TEMPO.CO, Jakarta - Pada kegelapan malam, puluhan orang itu lari ke dalam hutan yang ada di belakang pabrik PT Conch South Kalimantan Cement di Desa Serdang, Kecamatan Haruai, Kabupaten Tabalong, Kalimantan Selatan.
Selasa dinihari, 20 Oktober 2015, memang berlangsung inspeksi mendadak Panitia Khusus Raperda Ketenagakerjaan DPRD Provinsi Kalimantan Selatan. Mereka ingin membuktikan kabar bahwa perusahaan itu mempekerjakan 200-300 pekerja asal Cina.
“Beberapa (tenaga kerja asing) berhasil kami tangkap. Kemungkinan mereka tidak punya dokumen resmi,” kata Ketua Pansus Raperda Ketenagakerjaan DPRD Kalimantan Selatan Yazidie Fauzi di sela-sela inspeksi mendadak.
Puluhan anggota Dewan yang datang ke PT Conch South Kalimantan Cement alias PT Semen Conch sempat beradu mulut dengan petugas keamanan. Saat itulah, satu per satu TKA asal Cina berhamburan melarikan diri ke tepi hutan.
Untuk membuktikan status legalitasnya, Yazidie mengambil 15 pekerja asing sebagai sampel.

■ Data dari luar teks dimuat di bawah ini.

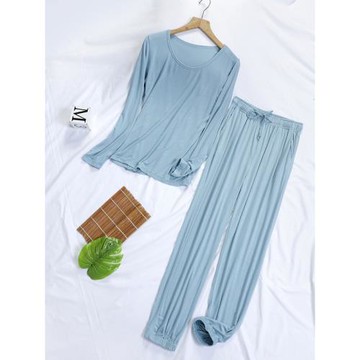女士春秋圓領竹節棉竹纖維長袖薄款睡衣莫代爾束腳套裝家居服外穿
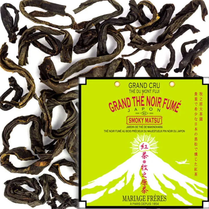 Grand cru de thé noir fumé au bois du majestueux pin noir du Japon
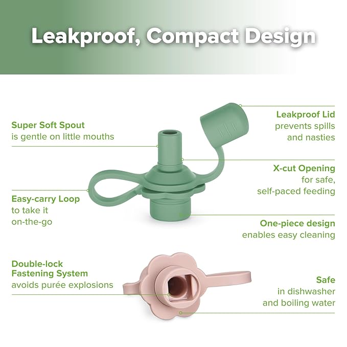 - ๐ฆ๐ฝ๐ถ๐น๐น-๐ฃ๐ฟ๐ผ๐ผ๐ณ ๐๐ป๐ป๐ผ๐๐ฎ๐๐ถ๐ผ๐ป: The tight fit with X-cut flow control activates only when sucked or squeezed, ensuring no spills and reducing choking hazards. Perfect for purรฉes and drinking skill development.
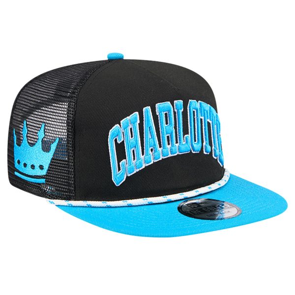 Men’s Charlotte FC New Era Black Throwback Golfer Snapback Hat

Dari jumlah itu, pihak perusahaan tidak bisa memberikan bukti valid legalitas dokumen para pekerjanya.
Salinan paspor atas nama Guowu, misalnya. Pada paspor tercantum bahwa Guowu datang ke Indonesia memakai visa kunjungan melalui Bandara Soekarno-Hatta pada 18 April 2015.
Pansus DPRD memberikan waktu dua hari kepada perusahaan untuk membuktikan legalitas para pekerja asingnya. “Kami akan panggil perusahaan karena ada indikasi mempekerjakan TKA ilegal. Perusahaan sudah melanggar Undang-Undang Ketenagakerjaan dan Keimigrasian, harus ada sanksi,” ujar Yazidie.
Kepala Bidang Hubungan Industrial dan Pengawasan Ketenagakerjaan Dinas Tenaga Kerja dan Transmigrasi Kalimantan Selatan Puguh Priyambada mengatakan sebanyak 103 TKA bekerja di proyek PT Semen Conch. Dari jumlah itu, 41 orang bekerja di dua perusahaan subkontraktor, yakni PT MCC Construction sebanyak 35 orang dan PT China Machinery Industry sebanyak 6 orang. Sisanya, 62 orang, bekerja di PT Semen Conch. “Ini data resmi yang masuk ke kami,” tutur Puguh.
Pengerjaan konstruksi pabrik PT Semen Conch dimulai pada 2010. Rencananya, pabrik itu mulai berproduksi delapan bulan lalu. Namun proyek di lahan seluas 92 hektare itu belum rampung sepenuhnya.